Further complicating the Pagerank metric is that a few links from the right places can boost Pagerank, but the "right places" will vary from subject to subject. I never use Pagerank as part of my link building target selection criteria, because it can lead you astray. Lastly, if your rankings and traffic are not affected/improved by getting from a PR 3 to a PR 4, what does it matter? My own site at http://www.ericward.com once had a Pagerank of 6. It is now a 5, but my rankings and traffic are higher now than before. Don't let that little green bar torment you :)
Susan
Susan M. • Thank You, you truly are appreciated!
Kerry
Kerry H. • @Eric thanks very much! Very very helpful. Already started looking around :)
Courtney
Courtney G. • Hi Robin,
Your question has been answered by Eric! Please check the general discussion page or click here: http://lnkd.in/Tm_9rc
Courtney
Courtney G. • Kerry - your question has also been answered by Eric! Please visit the discussion page or click the following link: http://lnkd.in/CF8fkY
Kay
Kay M. • Hi Eric,
How does a new website begin the process of link-building? What would be the logical first steps?
Any guidance here is much appreciated!
Lorry
Lorry L. • Hey Eric, thanks for taking the time to our questions!
I have a colleague (based in the UK) who's site has gone from PR4 to PR0 practically overnight. The only recent change to his site was moving from a US server to a UK server, which I would have thought would have improved things(?)
Although, from your previous comments, I understand that PR is not the holy grail of Google ranking KPIs, what would you suggest he could do to establish what caused the problem and how to rectify it?
Thanks Eric :O)
Daniel
Daniel C. • I am also new to the link building process. In my blog articles and in a number of whitepapers that I have published, I provide links to things like a business dictionary definition or a related study or other information to help the reader understand the concept that I am putting forth. My intention is, of course, to share information relative to the article I have written. Is this type of linking acceptable? I just don't want to get become an unwitting black hatter.
Richard
Richard S. • : I would like to add my own take on PageRank. It's not that PR doesn't matter… it's that PR as it is popularly understood has very little weight on it's own and it's often used in ways that are underappreciated.

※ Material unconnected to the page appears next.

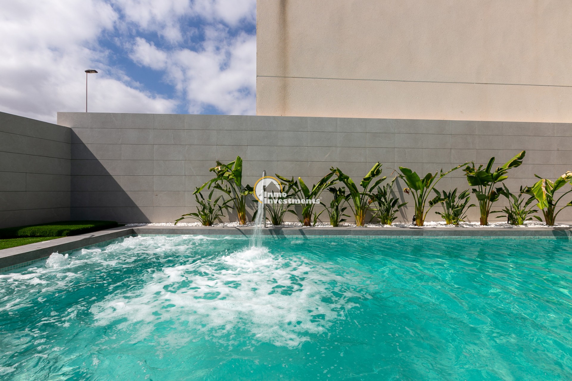 Private pool with hydromassage and waterfall.

As Peter Norvig says, "PageRank is overhyped". So true.
For instance, we know that a variant called Truncated PageRank is a very powerful means to detect shallow linking neighborhoods. In essence, it informs the algorithm about how much reputation was passed from short distances versus long distances.
How about BadRank? If you make the mistake of procuring a link from a high PR site known to be untrustworthy, it may appear on the surface that you've increased your PR, but you've also increased your BR… and now you've dug your site a little deeper into a hole that may eventually be impossible to get out of.

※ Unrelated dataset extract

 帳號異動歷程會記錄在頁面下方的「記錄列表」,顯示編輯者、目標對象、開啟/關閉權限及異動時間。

As of a couple years ago, Google was carrying around at least 8 known versions of PageRank in their data centers. My guess is that there are more now.
Truncated PageRank is even more effective when combined with regular PageRank and BadRank. These are even more powerful when looking at the number of nearest neighbors at distance 1, 2, 3 and 4. Now combine this with the outdegree of a particular page (the number of domains it points to) as well as the indegree of the host. You should also consider the recall and precision of high-value advertising terms on your site. As you can imagine, this quickly results in an explosion of possibilities.
From a practical standpoint, this means that you should not be fooled by any person or program that claims a granular metric such as "X"-rank can be used to manipulate search engine rankings. In reality, these metrics have some utility but only as a small component within a much more overarching data classification algorithm.